1const task = await client.tasks.createTask({
2 task: "Search for top 10 Hacker News posts"
3});
4const result = await task.complete();

Sessions are optional for simple tasks — one is auto-created with US proxy if you don’t provide a sessionId. Create a session explicitly when you need multi-step workflows, custom proxy location, or screen dimensions.

Direct Browser Control

Full programmatic access via Chrome DevTools Protocol. Write your own automation with Playwright, Puppeteer, or Selenium.

A Browser Session gives you a cdpUrl to connect any CDP-compatible library.
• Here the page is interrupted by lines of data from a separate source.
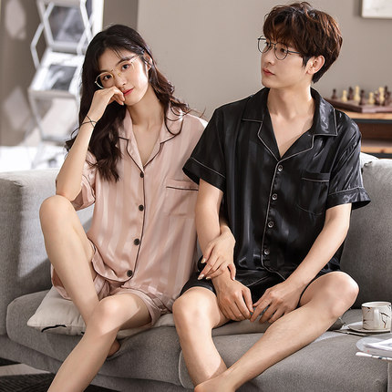 情侣睡衣夏季冰丝短袖带胸垫薄款2025年新款超火家居服一男一女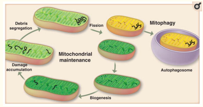 Fusion allows mitochondria to compensate for one another’s defects by sharing components and thereby helps maintain energy output in the face of stress. However, when a certain threshold of damage is reached, mitochondria are eliminated wholesale by autophagy. Fission segregates the most seriously damaged mitochondria to preserve the health of the mitochondrial network in addition to regulating morphology and facilitating mitochondrial trafficking. The highly dynamic mitochondrial fusion and fission cycle is proposed to balance two competing processes: compensation of damage by fusion and elimination of damage by fission. Failure of these stress responses may lead to neuron death and neurodegenerative disorders. In-depth understanding of mitophagic processes could aid the development of new treatments for mitochondrial and neurodegenerative diseases: It was recently shown that reactivation of autophagy can mitigate certain other diseases, such as muscular dystrophies associated with mitophagy (45).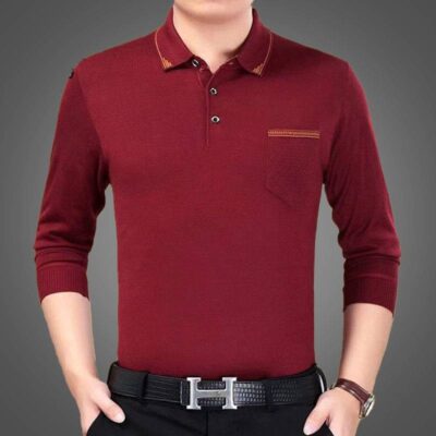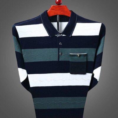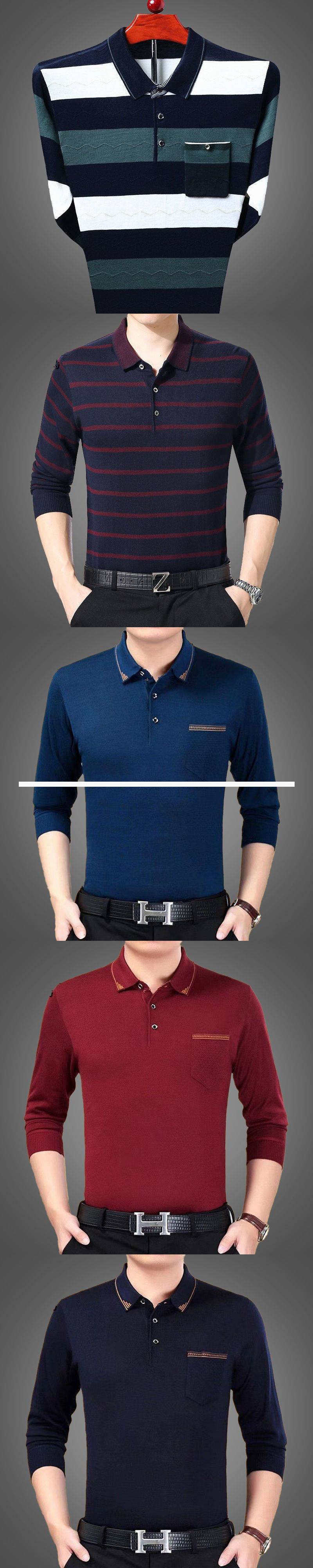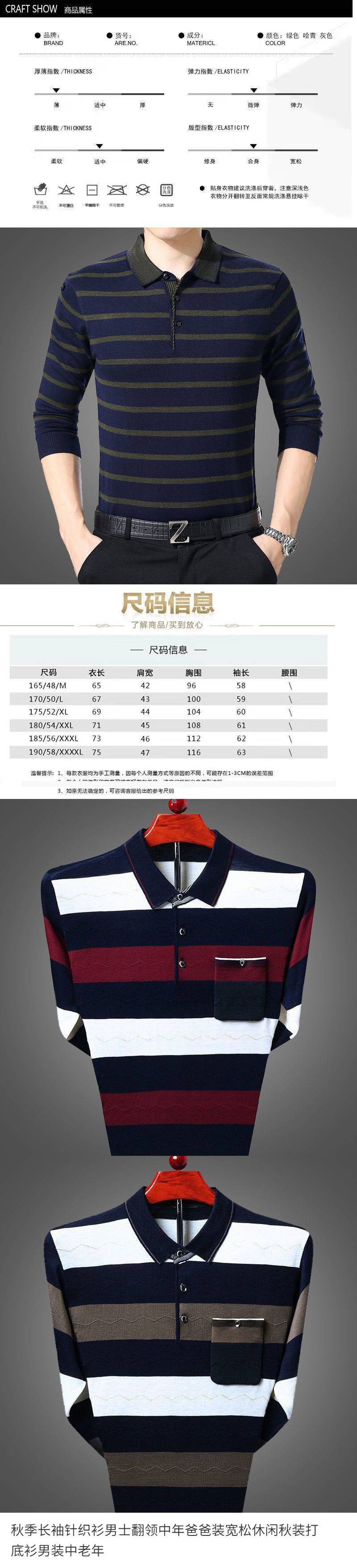 Áo len dệt kim dài tay mùa thu áo sơ mi nam có ve áo của người cha trung niên rộng rãi quần áo mùa thu giản dị có đáy áo sơ mi nam quần áo trung niên và người cao tuổi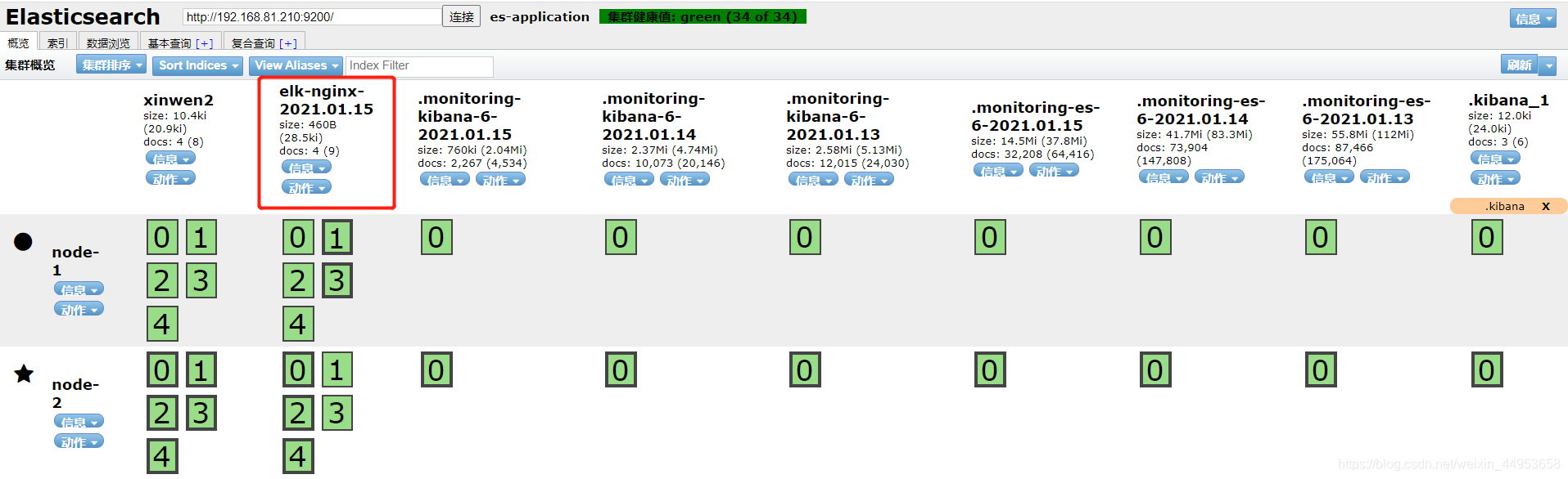 1.修改配置文件 [root@logsj ~]# vim /etc/filebeat/filebeat.yml filebeat.inputs: - type: log enabled: true paths: - /var/log/nginx/access.log - /var/log/nginx/error.log fields: #类似于标签 index: nginx json.keys_under_root: true json.overwrite_keys: true output.elasticsearch: hosts: ["192.168.81.210:9200"] indices: #定义索引名 - index: "elk-nginx-%{+yyyy.MM.dd}" when.equals: #与那个标签关联 fields: index: "nginx" 2.重启 [root@logsj ~]# systemctl restart filebeat

Optionally attach a Profile to start already logged in.

1const browser = await client.browsers.createBrowserSession({ profileId: "profile_123" });
2const pw = await chromium.connectOverCDP(browser.cdpUrl);

Skills

Describe what you need in plain text — get a production-ready API endpoint.

Define a Goal (input/output schema + what the endpoint does) and a Demonstration — either record yourself performing the task manually, or let the agent run it once automatically. The system builds a deterministic script you can call repeatedly. No browser or session needed at runtime — executes in milliseconds.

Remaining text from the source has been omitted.